Daily Summary
Formbook activity declined 23% to 24 new samples, down from a 7-day average of 31. This marks a moderate decrease, with observed volumes remaining below the typical weekly baseline.
New Samples Detected
JavaScript (.js) leads with 8 samples, followed by executables (.exe) and VBScript-enclosed (.vbe) at 4 each. The presence of one file with a randomized extension (“.32783286”) suggests an attempt to bypass static file-type filters. No significant shift in naming patterns is observed; samples retain typical Formbook naming schemes, often mimicking system files or utilities.
Distribution Methods
Distribution relies heavily on script-based initiators (js, vbe, vbs, ps1 collectively 16 samples) to download or execute the payload. A single .7z archive indicates occasional weaponized compressed attachments. The .exe and .dll samples likely represent the final stage payloads delivered after initial script execution. This pattern aligns with current email-based campaigns using phishing links or attachments with embedded scripts.
Detection Rate
Most current variants retain moderate detection rates on major AV engines, with the .exe and .dll files typically flagged. However, the custom-extension file and some JavaScript samples may evade signature-based detection, as they appear crafted from recent obfuscation templates. AV engines relying on static hashes may miss newer iterations until signatures are updated.
C2 Infrastructure
55 new C2 servers were observed today, a high volume relative to sample count. This suggests adversary testing of fresh infrastructure or rapid churn to evade take-downs. New domains and IPs are distributed broadly, with no distinct geographic concentration; expected ranges include German and Dutch hosting providers common in previous campaigns.
7-Day Trend
Activity remains on a downward trajectory this week, with daily counts consistently below the weekly average.

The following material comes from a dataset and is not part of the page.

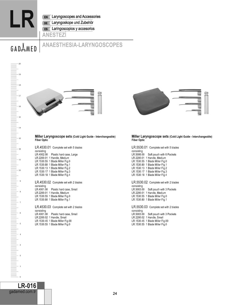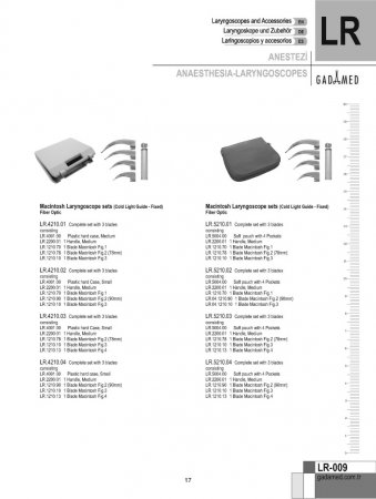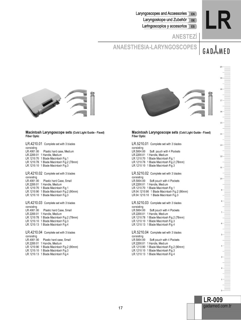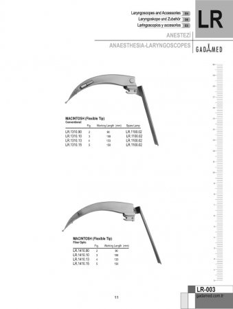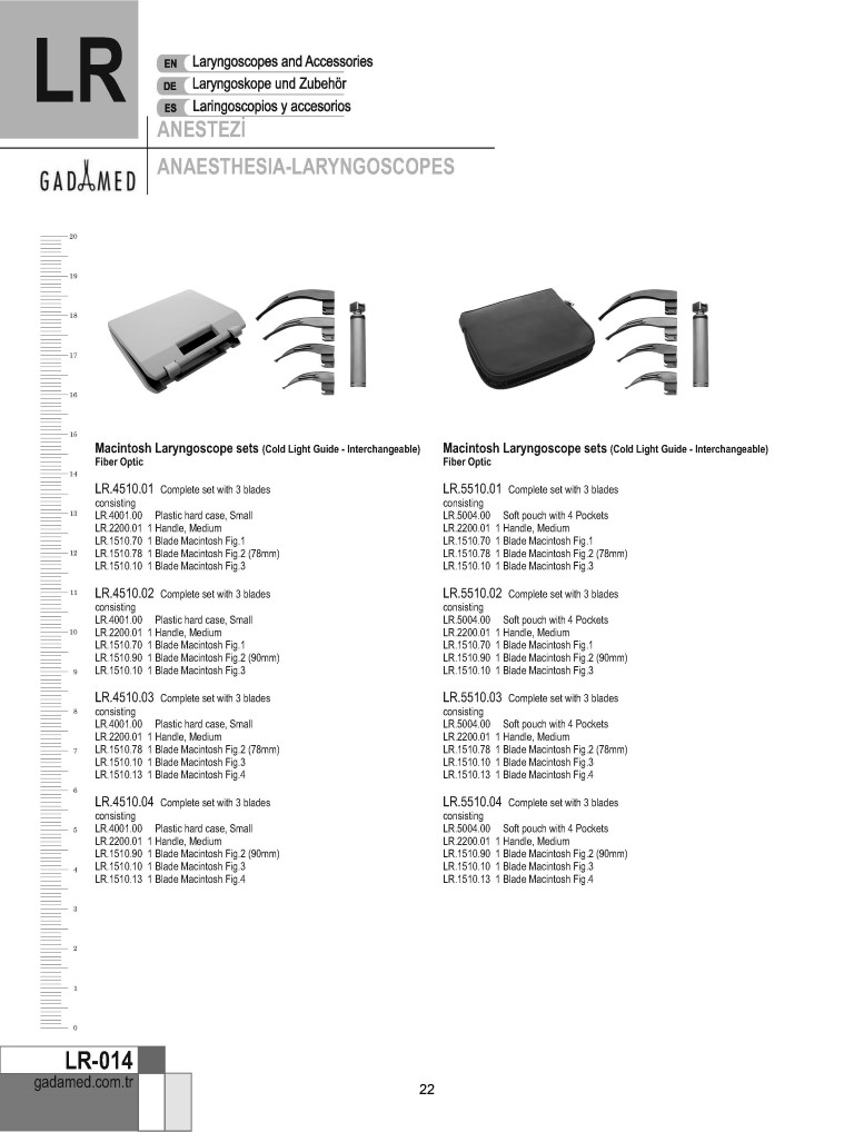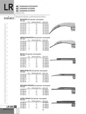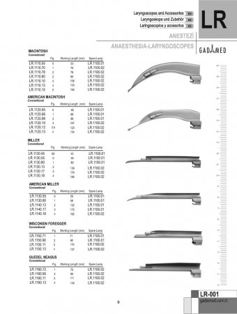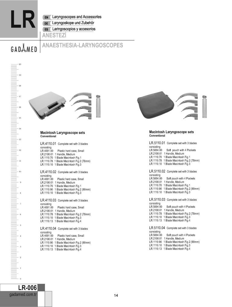 LR.0100.15 8681091002771 Pens magill model 15 cm LR.0100.17 8681091002788 Pens magill model 17 cm LR.0100.20 8681091002795 Pens magill model 20 cm LR.0100.25 8681091002801 Pens magill model 25 cm LR.0110.00 8681091002818 konnektör magill katater seti LR.0114.10 8681091002887 Ağız konnektör magill model10.0mm, #12A LR.0114.15 8681091002894 Ağız konnektör magill model 10.0mm, #12A LR.0114.55 8681091002825 Ağız konnektör magill model í5.5mm, #7 LR.0114.65 8681091002832 Ağız konnektör magill model í6.5mm, #8 LR.0114.75 8681091002849 Ağız konnektör magill model í7.5mm, #9 LR.0114.80 8681091002856 Ağız konnektör magill model í8.0mm, #10 LR.0114.85 8681091002863 Ağız konnektör magill model í8.5mm, #11 LR.0114.95 8681091002870 Ağız konnektör magill model 9.5mm, #12 LR.0116.10 8681091002962 kulak konnektör magill model í10.0mm, #6A LR.0116.15 8681091002979 kulak konnektör magill model í10.5mm, #6B LR.0116.55 8681091002900 Burun konnektör magill model í5.5mm, #1 LR.0116.65 8681091002917 Burun konnektör magill model í6.5mm, #2 LR.0116.75 8681091002924 Burun konnektör magill model í7.5mm, #3 LR.0116.80 8681091002931 Burun konnektör magill model í8.0mm, #4 LR.0116.85 8681091002948 Burun konnektör magill model í8.5mm, #5 LR.0116.95 8681091002955 Burun konnektör magill model í9.5mm, #6 LR.1100.01 8681091000487 Laringoskop konvensiyonel ampul pediatrik LR.1100.02 8681091000494 Laringoskop konvensiyonel ampul yetişkin LR.1110.10 8681091000456 Laringoskop Macintosh konvensiyonel bleyt 110mm Fig.3 LR.1110.13 8681091000463 Laringoskop Macintosh konvensiyonel bleyt 135mm Fig.4 LR.1110.15 8681091000470 Laringoskop Macintosh konvensiyonel bleyt 150mm Fig.5 LR.1110.55 8681091000418 Laringoskop Macintosh konvensiyonel bleyt 55mm Fig.0 LR.1110.70 8681091000425 Laringoskop Macintosh konvensiyonel bleyt 75mm Fig.1 LR.1110.78 8681091000432 Laringoskop Macintosh konvensiyonel bleyt 78mm Fig.2 LR.1110.90 8681091000449 Laringoskop Macintosh konvensiyonel bleyt 90mm Fig.2 LR.1120.10 8681091000531 Laringoskop Amerikan Macintosh konvensiyonel bleyt 107mm Fig.3 LR.1120.12 8681091000548 Laringoskop Amerikan Macintosh konvensiyonel bleyt 123mm Fig.3 LR.1120.13 8681091000555 Laringoskop Amerikan Macintosh konvensiyonel bleyt 134mm Fig.4 LR.1120.65 8681091000500 Laringoskop Amerikan Macintosh konvensiyonel bleyt 65mm Fig.0 LR.1120.66 8681091000517 Laringoskop Amerikan Macintosh konvensiyonel bleyt 66mm Fig.1 LR.1120.86 8681091000524 Laringoskop Amerikan Macintosh konvensiyonel bleyt 86mm Fig.2 LR.1130.13 8681091000593 Laringoskop Miller konvensiyonel bebek bleyt 130mm Fig.2 LR.1130.17 8681091000609 Laringoskop Miller konvensiyonel bebek bleyt 170mm Fig.3 LR.1130.18 8681091000616 Laringoskop Miller konvensiyonel bebek bleyt 180mm Fig.4 LR.1130.45 8681091000562 Laringoskop Miller konvensiyonel bleyt 45mm Fig.00 LR.1130.55 8681091000579 Laringoskop Miller konvensiyonel bebek bleyt 55mm Fig.0 LR.1130.80 8681091000586 Laringoskop Miller konvensiyonel bebek bleyt 80mm Fig.1 LR.1140.13 8681091000623 Laringoskop Amerikan Miller konvensiyonel bleyt 132mm Fig.2 LR.1140.17 8681091000630 Laringoskop Amerikan Miller konvensiyonel bleyt 172mm Fig.3 LR.1140.18 8681091000647 Laringoskop Amerikan Miller konvensiyonel bleyt 182mm Fig.4 LR.1150.11 8681091000678 Laringoskop Wısconsın Foregger konvensiyonel bleyt 110mm Fig.3 LR.1150.13 8681091000685 Laringoskop Wısconsın Foregger konvensiyonel bleyt 137mm Fig.4 LR.1150.71 8681091000654 Laringoskop Wısconsın Foregger konvensiyonel bleyt 71mm Fig.1 LR.1150.90 8681091000661 Laringoskop Wısconsın Foregger konvensiyonel bleyt 90mm Fig.2 LR.1160.11 8681091000715 Laringoskop Guedel Neagus konvensiyonel bleyt 111mm Fig.3 LR.1160.13 8681091000722 Laringoskop Guedel Neagus konvensiyonel bleyt 135mm Fig.4 LR.1160.72 8681091000692 Laringoskop Guedel Neagus konvensiyonel bleyt 72mm Fig.1 LR.1160.95 8681091000708 Laringoskop Guedel Neagus konvensiyonel bleyt 95mm Fig.2 LR.1210.10 8681091000777 Laringoskop machintosh fiberoptik bleyt 108mm Fig.3 LR.1210.13 8681091000784 Laringoskop machintosh fiberoptik bleyt 133mm Fig.4 LR.1210.15 8681091000791 Laringoskop machintosh fiberoptik bleyt 150mm Fig.5 LR.1210.55 8681091000739 Laringoskop machintosh fiberoptik bleyt 55mm Fig.0 LR.1210.70 8681091000746 Laringoskop machintosh fiberoptik bleyt 70mm Fig.1 LR.1210.78 8681091000753 Laringoskop machintosh fiberoptik bleyt 78mm Fig.2 LR.1210.90 8681091000760 Laringoskop machintosh fiberoptik bleyt 90mm Fig.2 LR.1220.10 8681091000838 Laringoskop machintosh fiberoptik bleyt 107mm Fig.3 LR.1220.12 8681091000845 Laringoskop machintosh fiberoptik bleyt 123mm Fig.3.5 LR.1220.13 8681091000852 Laringoskop machintosh fiberoptik bleyt 134mm Fig.4 LR.1220.65 8681091000807 Laringoskop machintosh fiberoptik bleyt 65mm Fig.0 LR.1220.66 8681091000814 Laringoskop machintosh fiberoptik bleyt 66mm Fig.1 LR.1220.86 8681091000821 Laringoskop machintosh fiberoptik bleyt 86mm Fig.2 LR.1230.13 8681091000890 Laringoskop miller fiberoptik bleyt 130mm Fig.2 LR.1230.17 8681091000906 Laringoskop miller fiberoptik bleyt 170mm Fig.3 LR.1230.18 8681091000913 Laringoskop miller fiberoptik bleyt 180mm Fig.4 LR.1230.45 8681091000869 Laringoskop miller fiberoptik bleyt 45mm Fig.00 LR.1230.55 8681091000876 Laringoskop miller fiberoptik bleyt 55mm Fig.0 LR.1230.80 8681091000883 Laringoskop miller fiberoptik bleyt 80mm Fig.1 LR.1240.13 8681091000944 Laringoskop Amerikan miller fiberoptik bleyt 132mm Fig.2 LR.1240.17 8681091000951 Laringoskop Amerikan miller fiberoptik bleyt 172mm Fig.3 LR.1240.18 8681091000968 Laringoskop Amerikan miller fiberoptik bleyt 182mm Fig.4 LR.1240.55 8681091000920 Laringoskop Amerikan miller fiberoptik bleyt 55mm Fig.0 LR.1240.80 8681091000937 Laringoskop Amerikan miller fiberoptik bleyt 80mm Fig.1 LR.1250.11 8681091000999 Laringoskop Wisconsin model fiberoptik bleyt 110mm Fig.3 LR.1250.13 8681091001002 Laringoskop Wisconsin model fiberoptik bleyt 137mm Fig.4 LR.1250.71 868109100097

This cooling is likely part of a natural campaign cycle rather than a structural shift.
Security Analysis
The emergence of a non-standard file extension (“.32783286”) and the high ratio of C2 servers to new samples (2.3:1) suggests the operators are stress-testing both delivery and command infrastructure simultaneously. Compare to typical Formbook campaigns, which maintain a lower C2 churn; this could indicate preparation for a larger distribution wave. Actionable recommendation: Monitor outbound connections to recently registered domains on non-standard high ports, flagging any traffic to IPs associated with previous Formbook C2 lists. Update endpoint rules to block execution of script files launched from email attachments and restrict PowerShell execution policy to SignedScripts.